Jadi, dari berbagai penjelasan dalam bab ini secara keseluruhan kita akan melihat bahwa ada sebuah rangkaian peristiwa dan perubahan yang saling berkaitan satu dengan lainnya. Perubahan dan krisis yang terjadi di negara Indonesia, baik secara ekonomi dan terutama politik saat ini, ternyata tidak terlepas dari terjadinya krisis ekonomi dan moneter yang terjadi semenjak tahun 1997. Secara politik, terlihat bahwa ada korelasi yang sangat kuat antara jatuhnya rezim otoriter Orde Baru dibawah Jendral Besar Suharto dengan terjadinya krisis ekonomi. Krisis ekonomi yang melanda Indonesia telah berhasil memperlemah kekuasaan Orde Baru. Orde baru yang selama lebih dari tiga dekade mengkonsentrasikan pemerintahannya pada persoalan ekonomi, telah terbukti gagal untuk menciptakan sebuah kestabilan dan keseimbangan fundamental ekonomi. Peran negara yang besar dalam ekonomi menjadi terbukti tidak efektif. Sebaliknya peran negara yang besar tadi pada akhirnya justru telah menciptakan bumerang bagi kekuasaan
Suharto. Sejalan dengan itu semua, jika dicermati kemunculan gerakan reformasi pada dasarnya juga merupakan salah satu akibat dari terjadinya krisis ekonomi. Hal ini menunjukan bahwa tuntutan reformasi seperti yang tengah terjadi sampai saat ini, dapat menjadi sebuah “senjata demokratisasi” yang efektif ketika negara berada pada posisi yang lemah secara ekonomi. Lemahnya posisi negara secara ekonomi ini, jelas akan sangat berdampak pada otonomi relatif yang dimiliki negara sebelumnya.

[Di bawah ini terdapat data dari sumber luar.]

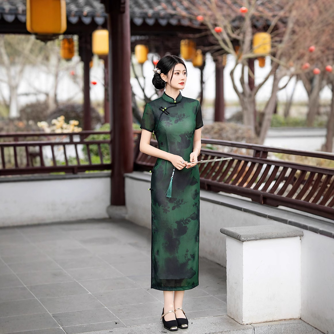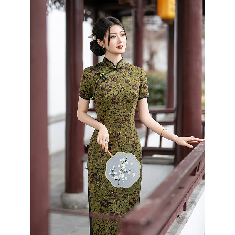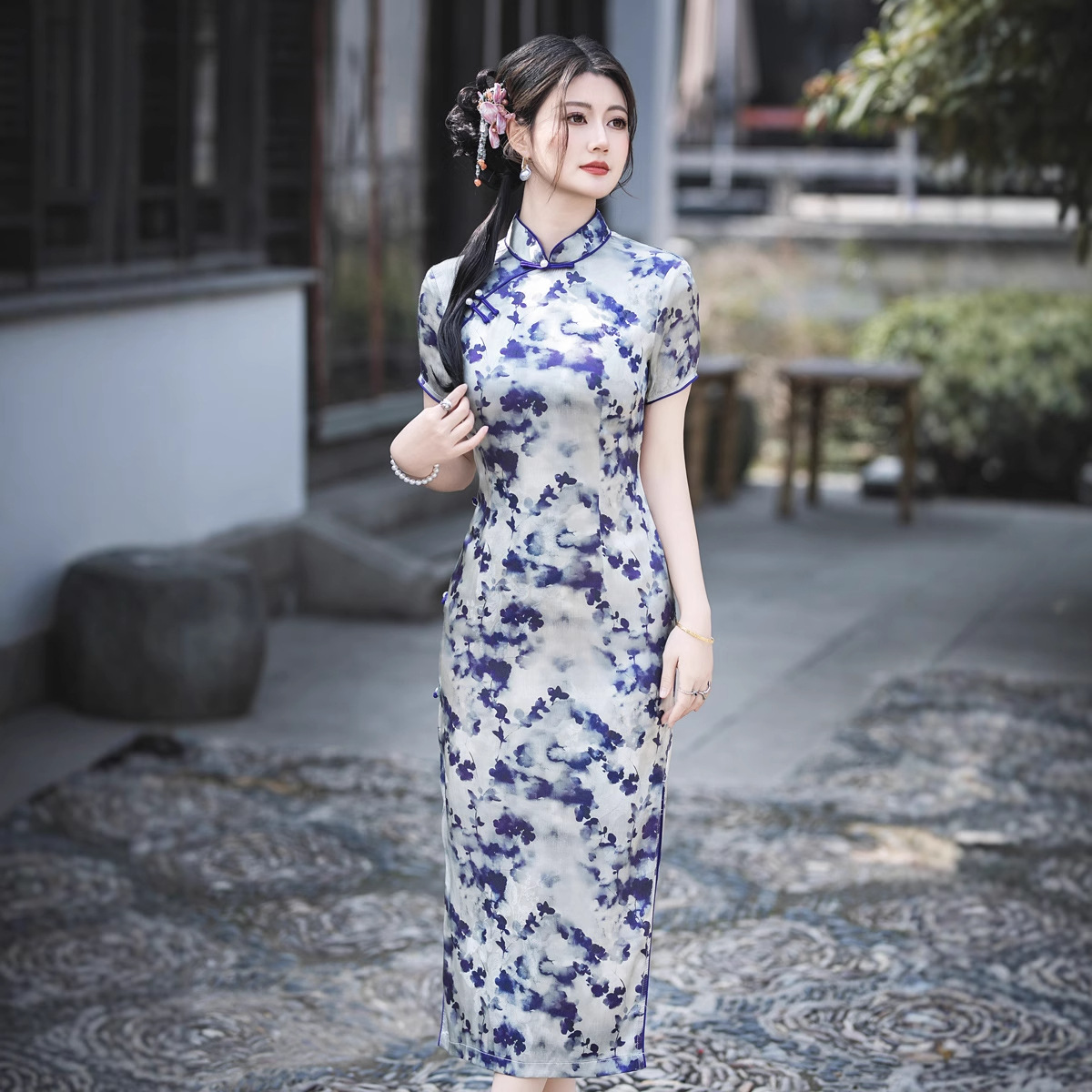 2025春夏新作シルク人綿ロングタイプチャイナドレスレトロ改良宴会写真半袖チャイナドレスワンピース
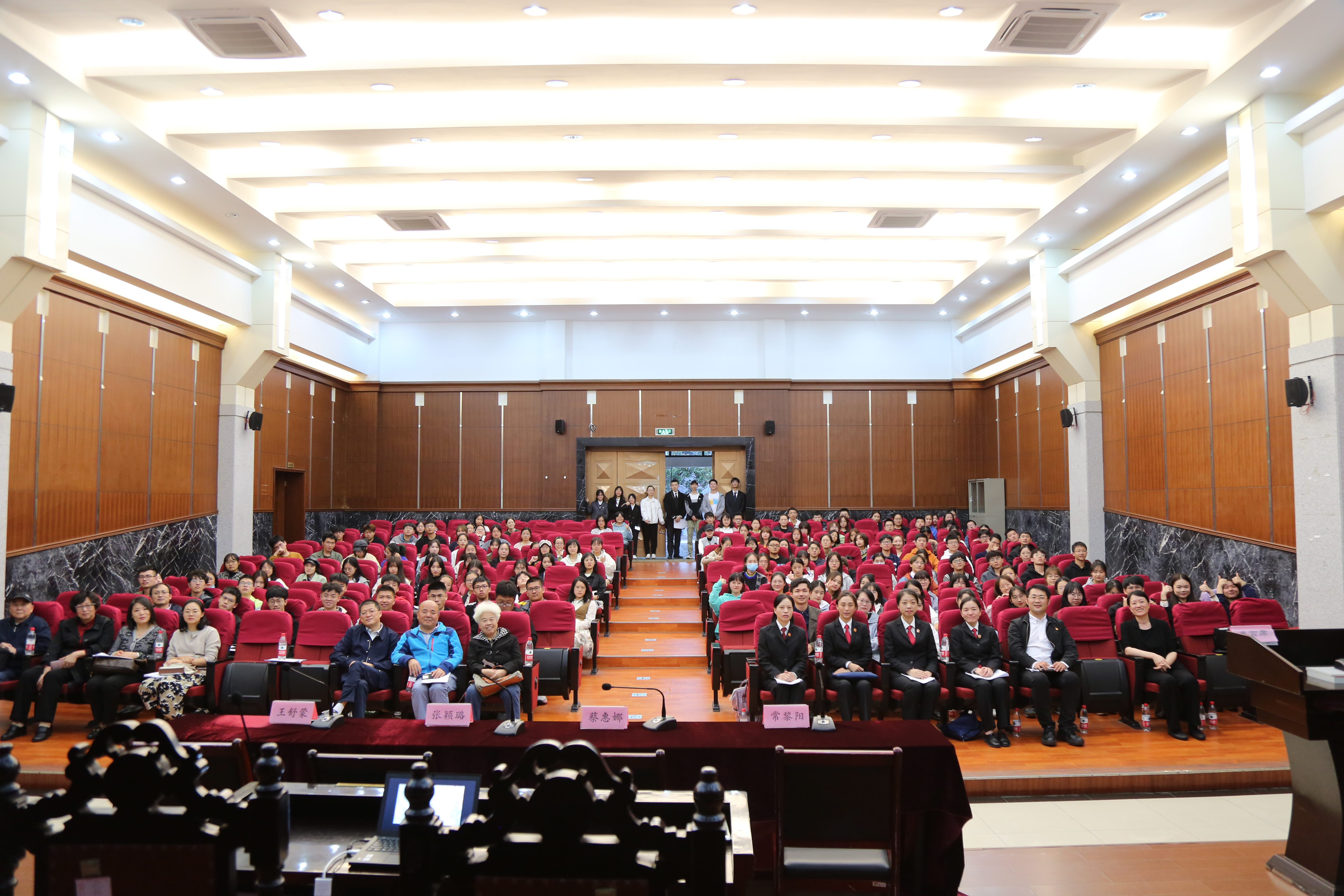 活动伊始,胡鹿鸣上台致辞,他对法官们的到来表示感谢,阐述了学习和宣传《民法典》的重要意义,并简要介绍了《民法典》宣传月的相关活动,希望同学们能够践行“知行合一”精神,培育务实情怀。随后,蔡惠娜庭长进行致辞,她表示宁波市中级人民法院清算与破产庭与永利集团有着长久的良好合作关系,指出模拟法庭有着重要的实践意义,鼓励同学们要学以致用,以赛促训,成为法治建设中坚力量。
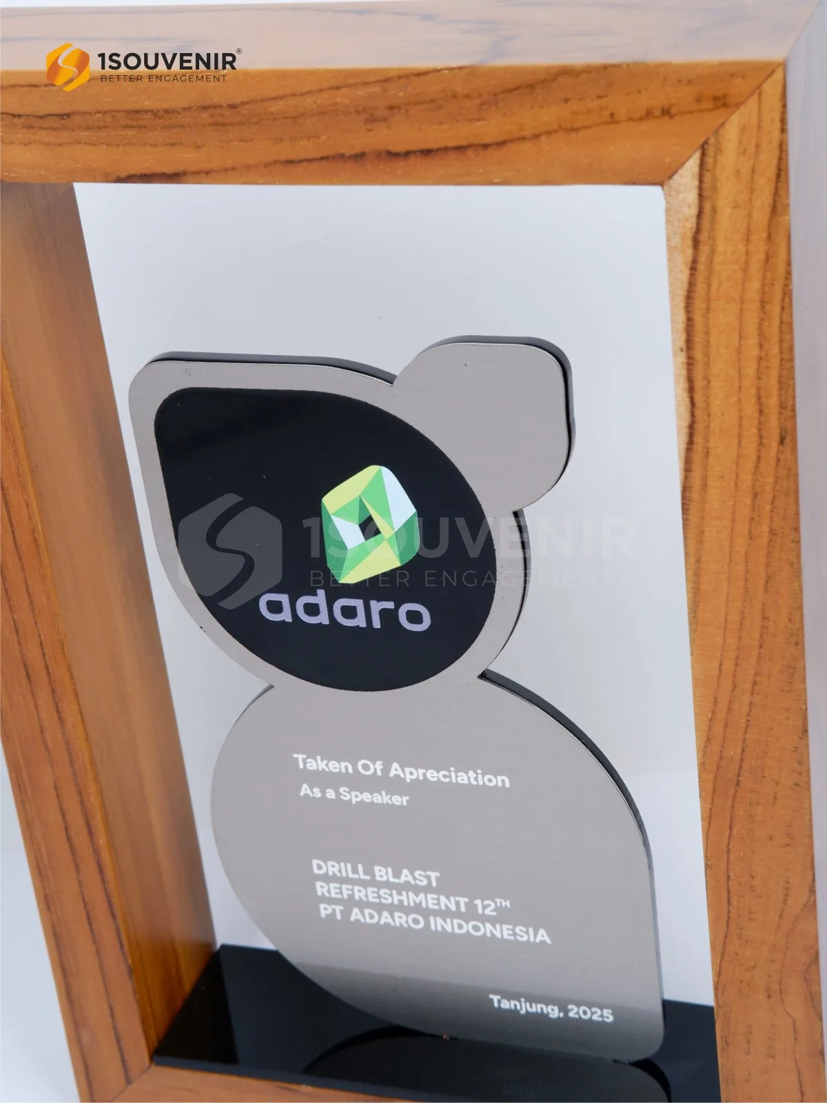 Sebagai bentuk penghargaan kepada para narasumber, disiapkan plakat frame bergaya eksklusif. Desainnya memadukan gaya modern dengan elemen visual khas Adaro, sehingga mampu menjadi simbol apresiasi atas kontribusi ilmu yang mereka sampaikan.

Lebih jauh lagi, ternyata dengan lengsernya Suharto yang selanjutnya diikuti dengan kemunculan gerakan reformasi, juga semakin menyudutkan posisi militer. Militer yang telah selama lebih dari 32 tahun mapan dalam dunia politik, kini semakin mendapat sorotan tajam. Konsep dwifungsi yang selama Orde Baru telah menjadi alat legitimasi bagi keterlibatan militer dalam masalah-masalah sosial dan politik juga terus mendapat kecaman. Sementara itu, krisis ekonomi yang kemudian terus berkembang menjadi krisis politik tersebut, terbukti cukup ampuh sebagai alat penghapusan peran militer dalam politik di Indonesia. Bila demikian, dengan kata lain dapat dikatakan bahwa berbagai perubahan politik yang terjadi selama ini adalah salah satu “hasil” dari terjadinya krisis ekonomi. Dan dengan semakin berkembangnya kecaman dan tuntutan untuk menghapuskan dwifungsi tersebut, berarti pula adanya peningkatan kesadaran dalam masyarakat untuk menjadikan militer Indonesia sebagai militer yang profesional. Dan hal ini juga dapat dilihat sebagai sebuah tuntutan dihapusnya bisnis militer.